O Tempo que Resta (Le Temps qui Reste),
de François Ozon (França, 2005)
por Francis Vogner dos Reis

Plano e contra-plano com princípio

François Ozon possui uma carreira regular. Seus filmes fracos nunca foram muito ruins, e mesmo os bons nunca chegaram ter grandes achados estéticos. Como um artista aparentemente “morno” ele não despertava entusiasmo nem repúdio. Mas, depois de Oito Mulheres e Swiming Pool (dois dos seus piores filmes que requentavam algumas prerrogativas de estilo dos anteriores), parecia que o que viesse era lucro. Eis que o cineasta reaparece com Amor em Cinco Tempos (de 2004, mas que teve sua estréia no Brasil este ano) e este O Tempo que Resta, seus melhores filmes. Se não chegam a ser grandes trabalhos, neles Ozon faz o bastante pra chamar novamente atenção para sua obra.

O fotógrafo Romain (Melvil Poupaud) passa mal em uma sessão de fotos de moda e dias depois no hospital o médico lhe revela que tem pouco tempo de vida caso não aceite fazer quimioterapia e radioterapia. O Tempo que Resta é um drama em torno de um doente terminal que não quer dizer a ninguém que tem pouco tempo de vida, e mesmo assim é obrigado a confrontar seus familiares, amigos e namorado por uma possível última vez. Mas a verdadeira questão do filme, Ozon parece desenvolver aos poucos: o que existe entre um plano e um contraplano? É certamente a extensão dessa problemática que é repercutida com destreza em O Tempo que Resta.

O filme é uma sucessão de encontros, por isso, o recurso do plano/contraplano ultrapassa o uso acessório que muitos filmes adotam. Esses encontros demonstram uma grande capacidade de fazer do plano/contraplano uma construção, muito mais do que um mero diálogo. O modo como Ozon constrói o diálogo de Romain com seu pai em uma seqüência, e com a avó em outra, é admirável. O plano/contraplano com o pai no carro é o momento em que ele se mostra realmente disposto em ignorar a doença perante seu núcleo familiar. Pede para o pai parar o carro, compra cocaína e tem sua última conversa com ele. Ali aparecem todos os elementos que definem o relacionamento dos dois. Não é um diálogo cordial, tampouco baseado no ressentimento. Os sentimentos aparecem, inclusive o pior de cada um – algo semelhante aos diálogos dos melhores filmes de Bergman, para quem também o plano e contraplano era muito mais do que uma questão formal, era um dos mais caros princípios cinematográfico. As pausas, o tempo de corte, as poucas, mas certeiras falas de ambos os lados. A sinceridade de Romain machuca porque não tem pena do seu interlocutor, seja o pai, ou seja a avó para quem ele diz “somos iguais” ou “te falo isso porque você também está perto de morrer”.

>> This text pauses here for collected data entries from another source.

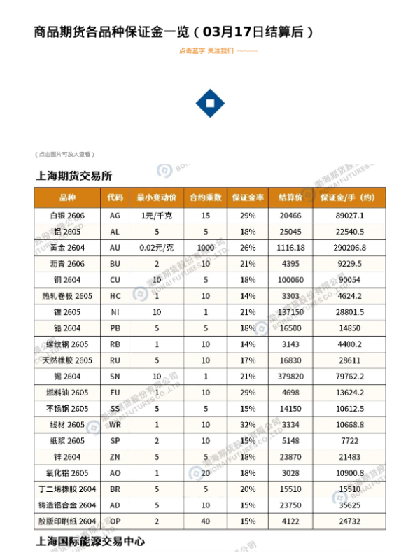 【渤海期货&AIFUTURES】【202303】一手要多少钱?商品期货各品种保证金一览(03月17日结算后)-4页 证券期货研究报告
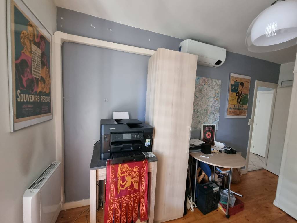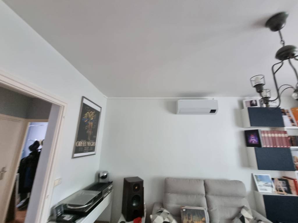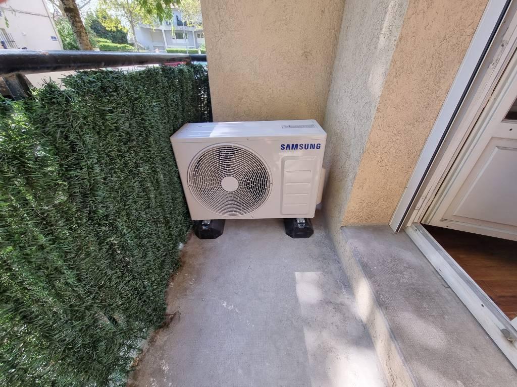 Installation dans un appartement sur Lyon d'une climatisation Bi Split avec deux unités intérieures pour une chambre et un salon d'une puissance de froid de 2 KW et 3,5 KW de marque Samsung modèle Wind Free Confort et pose du groupe extérieur sur le balcon avec l'autorisation de la copropriété de l'immeuble.
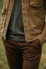 This jacket utilize a 16 Wale corduroy for a more subdued texture. They have been garment dyed, for a slightly worn look. The combination of 97% cotton 3% polyurethane gives the perfect amount of stretch, without being overly stretchy.
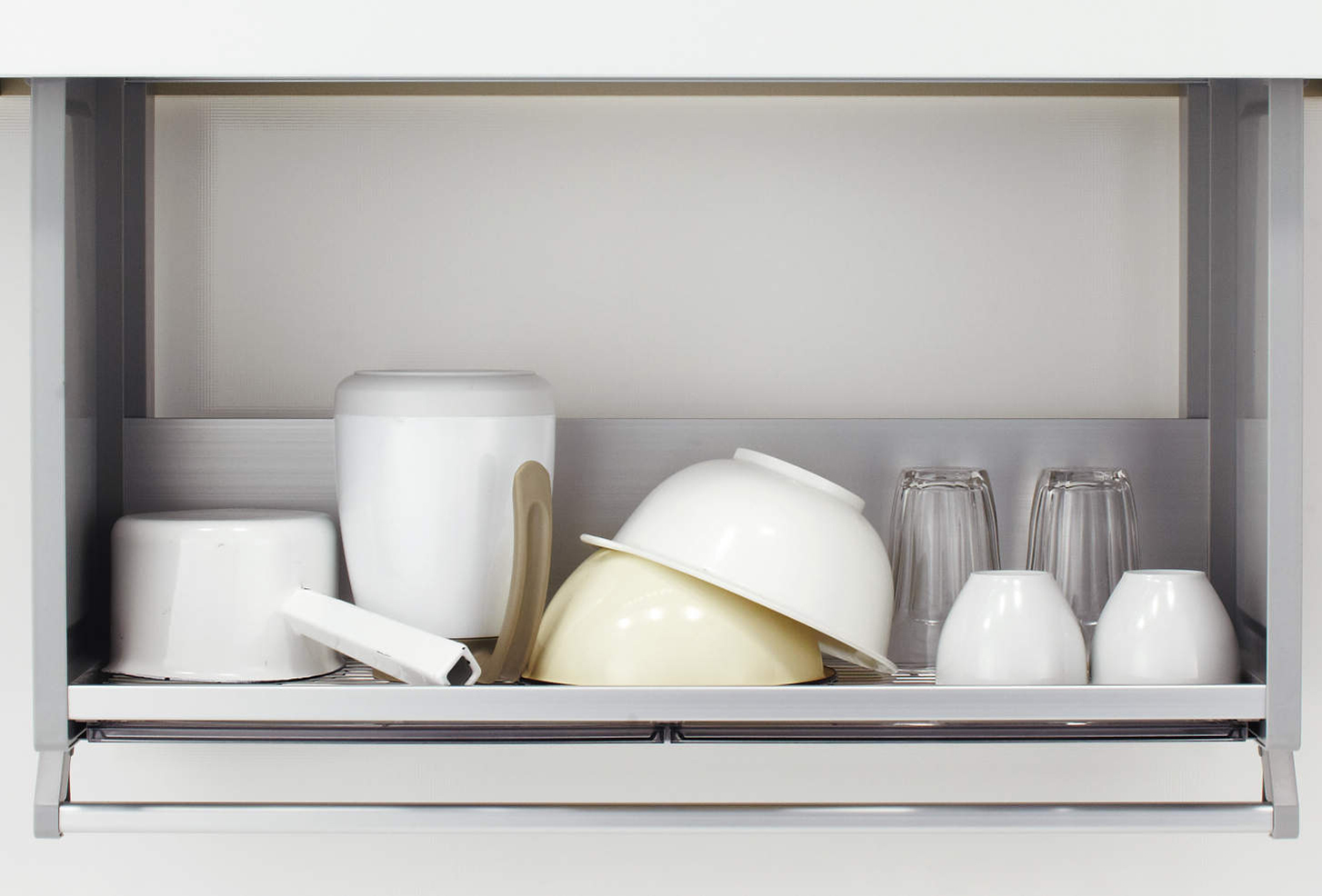 輕輕往下拉即可拿取上櫃收納的物品

Romain recusa os tratamentos e também prefere omitir a doença. Ele rejeita qualquer possibilidade de ser objeto de compaixão dos familiares e do namorado, como se assim, deixasse de afirmar quem é e tudo que realizou na sua vida. A postura de Romain assusta no princípio, porque parece mais um ressentimento atroz, que o distancia das pessoas. Não deixa de ser uma arrogância, mas arrogância dos resistentes que rejeita ser transformado em objeto de pena. Ele evita transformar “o tempo que resta” em um réquiem conciliador, em que supostamente as diferenças (com a família, namorado) seriam ignoradas em prol de uma morte tranquila. A coragem de Romain é, então, afirmar suas vontades, frustrações e diferenças (ampliando-as) nesse momento. Negar isso tudo, seria terminar a vida de modo cínico. Por isso na casa dos pais, no encontro com o namorado, o personagem expõe todas as diferenças e segue. Seus diálogos com seus entes serão absolutamente francos e diretos, apesar de não tocar no assunto da doença – com exceção de sua avó, interpretada por Jeanne Moreau. O protagonista também tira fotos das pessoas, menos com o objetivo prático de guardar as imagens (já que isso não faria sentido), e mais como um ritual de emitir uma última impressão (ou sentimento) sobre a pessoa amada.

As imagens-memória da infância de Romain, e sua opção por engravidar uma mulher que lhe pede isso, compõem uma segunda camada de O Tempo que Resta, que nem sempre dá certo. Destoa do resto do material porque parece aspirar a uma nostalgia e uma necessidade de permanência que não se integra bem à construção mais interessante do personagem operada por Ozon. Um personagem aguerrido ou arrependido? Ele chega a justapor essas duas possibilidades, não chegando exatamente  a uma conclusão. Ironicamente, Bergman também ressoa ai, mas justamente no que o autor sueco tem de menos interessante.